A friend of mind is really struggling with x2 14m old, neutered ladies. They're beautiful little things but are being quite badly bullied by the other cat (older resident) and things are getting out of hand. She's very close to listing on gumtree so I though I'd ask here as a last ditch attempt. They don't have to go together as are quite independent, they get on well with other cats too. 
Marmite is a torbie, and Oreo is black with a white bib. Both lovely, affectionate chilled out cats. If you can help please get in touch.


----------



## McSquirtle (Jan 13, 2012)

Bump.......


----------



## welshjet (Mar 31, 2011)

Sorry, I cant help, ive got two already and cant have anymore 

Hope you can find homes for them x


----------



## McSquirtle (Jan 13, 2012)

Thanks Welshjet - do you know anywhere or anyone?
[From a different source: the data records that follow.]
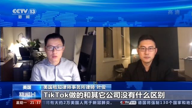 美国格知律师事务所的律师 叶俊:从个人隐私信息这一点来看,TikTok做的和其它公司没有什么区别,从这一点来说,美国总统并没有太多的法律基础,来禁止这个应用本身。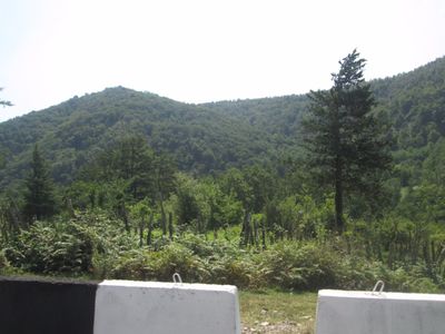 До Ткибули 30 километров, но дорога узкая , горная, скотина гуляет, дети мелкие бегают. Ехать почти час. Дато провез нас через весь город и высадил на повороте на серпантин ведущий к заброшенной канатной дороге.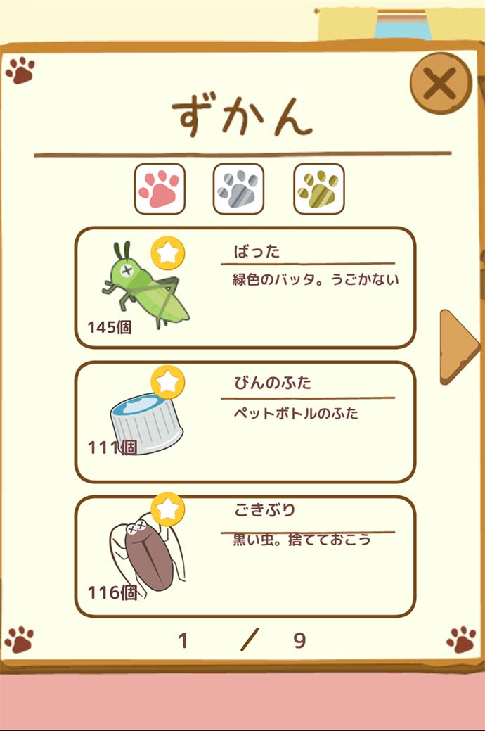 新しいキャラクターに来てもらうには、新しいエサや道具が必要だよ。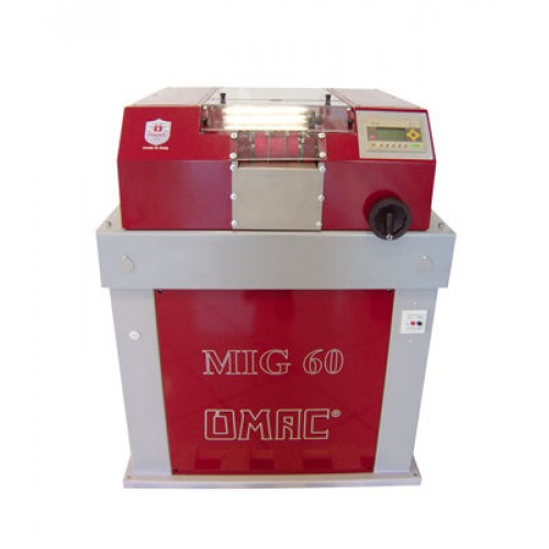 Полировочная машина OMAC MIG 60, Италия с 2 или 4 щетками активными одновременно для горизонтальной зачистки и полировки кромок ремней разного рода полос с возможностью автоматической полировки носика.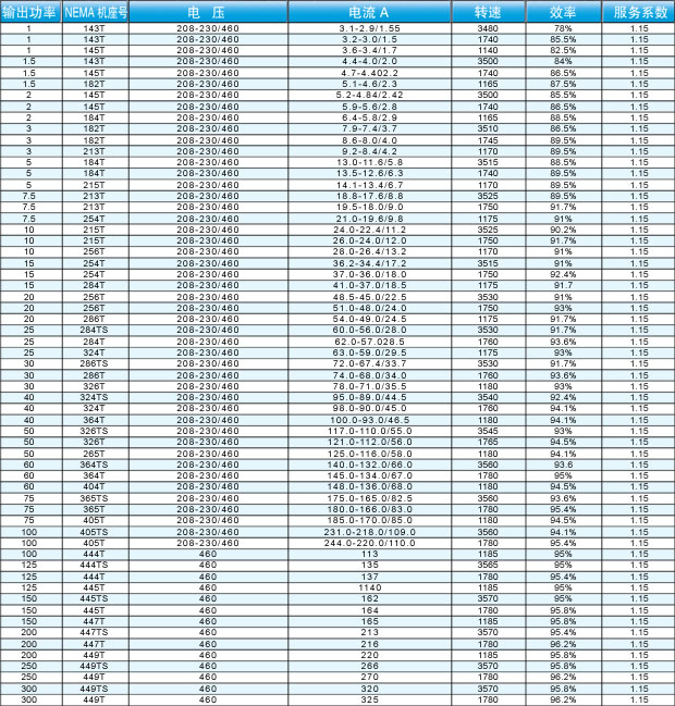 NEMA超高效電動(dòng)機(jī)型號: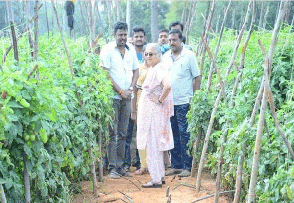 ಆರ್.ನರೇಂದ್ರಬಾಬು ಅವರು ಸುಮಾರು 6 ಎಕರೆ ಪ್ರದೇಶದ ತಮ್ಮ ತೋಟದಲ್ಲಿ ಟೊಮೇಟೊ ಬೆಳೆ ಬೆಳೆದಿದ್ದಾರೆ. ಗಿಡಗಳು ಸುಮಾರು 10 ಅಡಿ ಎತ್ತರಕ್ಕೆ ಬೆಳೆದಿವೆ. ಸಾಮಾಜಿಕ ಜಾಲತಾಣಗಳಲ್ಲಿ10 ಅಡಿ ಎತ್ತರದ ಟೊಮೇಟೊ ಬೆಳೆ ಬಗ್ಗೆ ಸುದ್ದಿ ಹರಡಿತ್ತು. ಹೀಗಾಗಿ, ಬೆಳೆಯನ್ನು ನೋಡುವ ಕುತೂಹಲದಿಂದ ಸುಧಾಮೂರ್ತಿಯವರು ಬಿದರುಗುಪ್ಪೆಯ ನರೇಂದ್ರ ಬಾಬು ತೋಟಕ್ಕೆ ಭೇಟಿ ನೀಡಿದ್ದರು. ತೋಟದಲ್ಲಿರುವ ಬೆಳೆಯನ್ನು ವೀಕ್ಷಿಸಿದ ಸುಧಾಮೂರ್ತಿ, ಮನೆಯವರೊಂದಿಗೆ ಚರ್ಚಿಸಿ ವಿವರ ಪಡೆದು ಮೆಚ್ಚುಗೆ ಸೂಚಿಸಿದರು.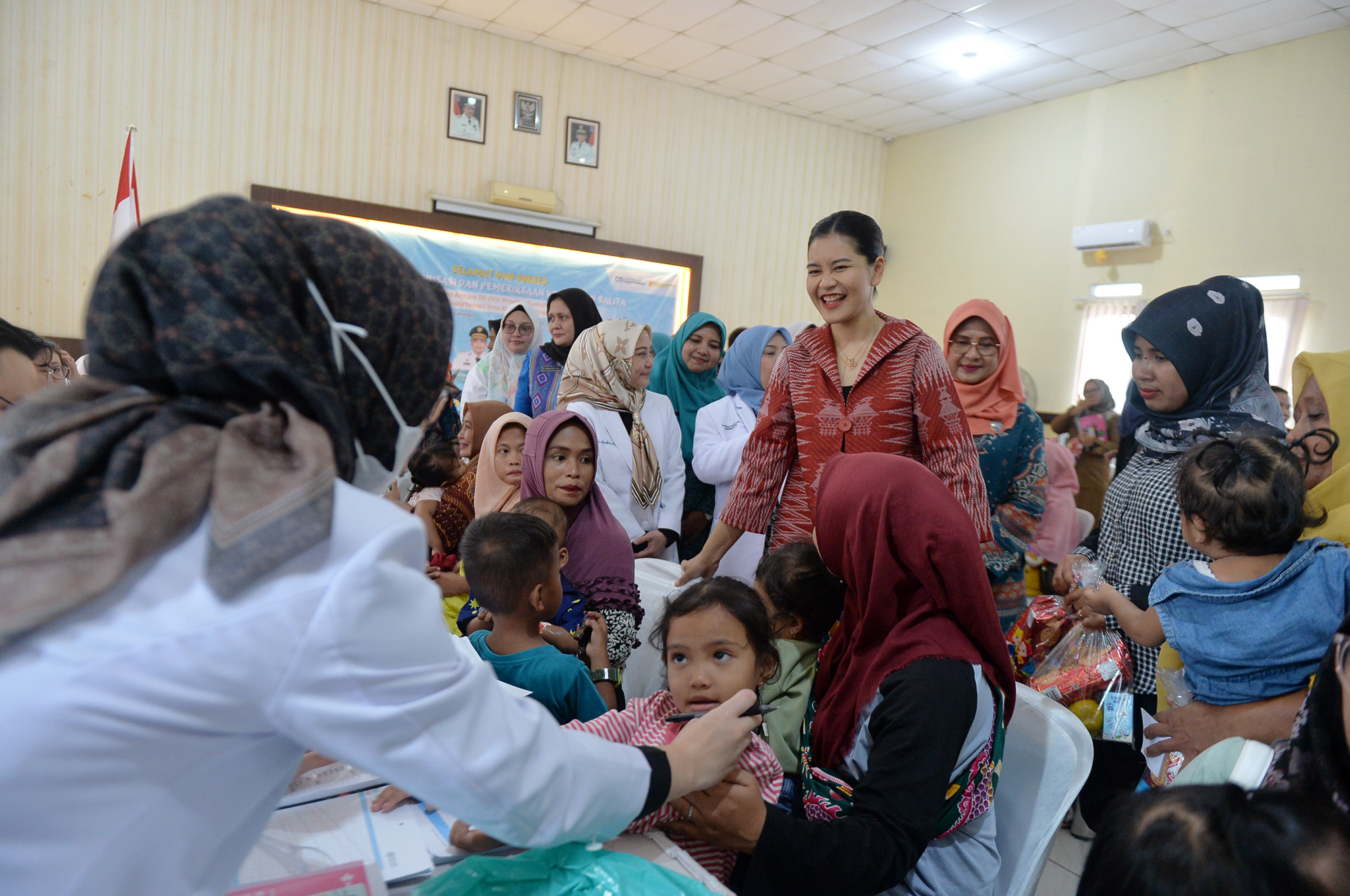Ketua TP PKK Sumut Kahiyang Ayu, meninjau langsung Imunisasi yang berlangsung di Aula Kantor Dinas Kesehatan Kota Binjai, Senin (6/10). Program ini menargetkan anak balita yang belum pernah menerima imunisasi dasar lengkap sebagai upaya mencegah penyakit menular berbahaya, seperti polio, campak, dan difteri.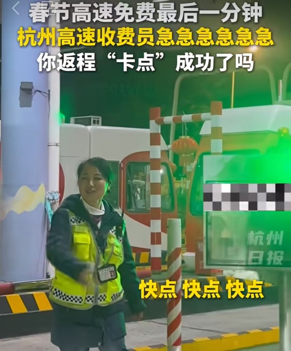据报道,记者当晚在武汉龚家岭收费站看到,14个进出通道全部开启,多辆小客车抢在免费车道落杆前通过,也有车主“卡点”失败,交了几百元通行费。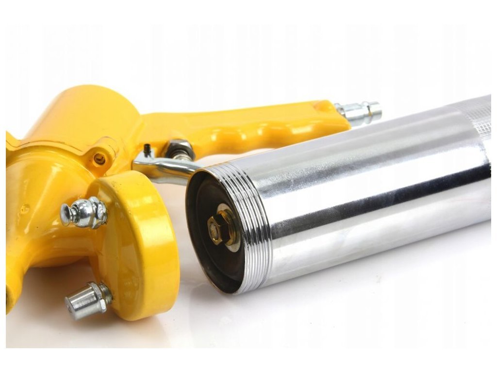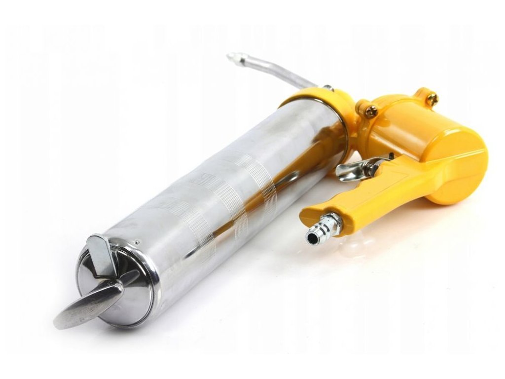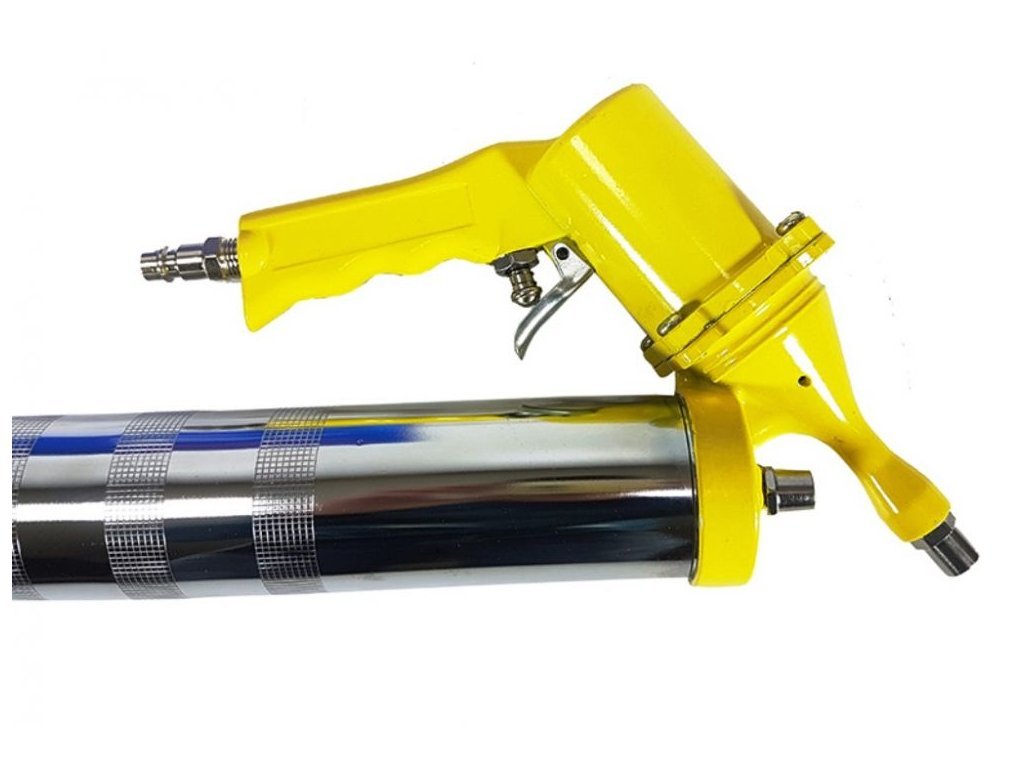 Pneumatický mazací lis pro tlakové mazání běžnými plastickými mazivy. Ideální k mazání mechanických nástrojů a strojů. Včetně ruční páky - tak lze přístroj používat i jako ruční pákový mazací lis. Lis je dodáván včetně tří zasouvacích koncovek, které umožňují dostat se i do těžko přístupných míst.

I'm terrified of her sticking them on gumtree...


----------



## MummyCat (Jul 25, 2011)

McSquirtle, Have you tried Denise @ Vale Cat Rescue, I'm not sure if she has any space but its worth a try.


----------



## welshjet (Mar 31, 2011)

McS, I dont im sorry, even the rescue centres have waiting.lists 

Im racking my brains, but I really dont know, sorry xxx


----------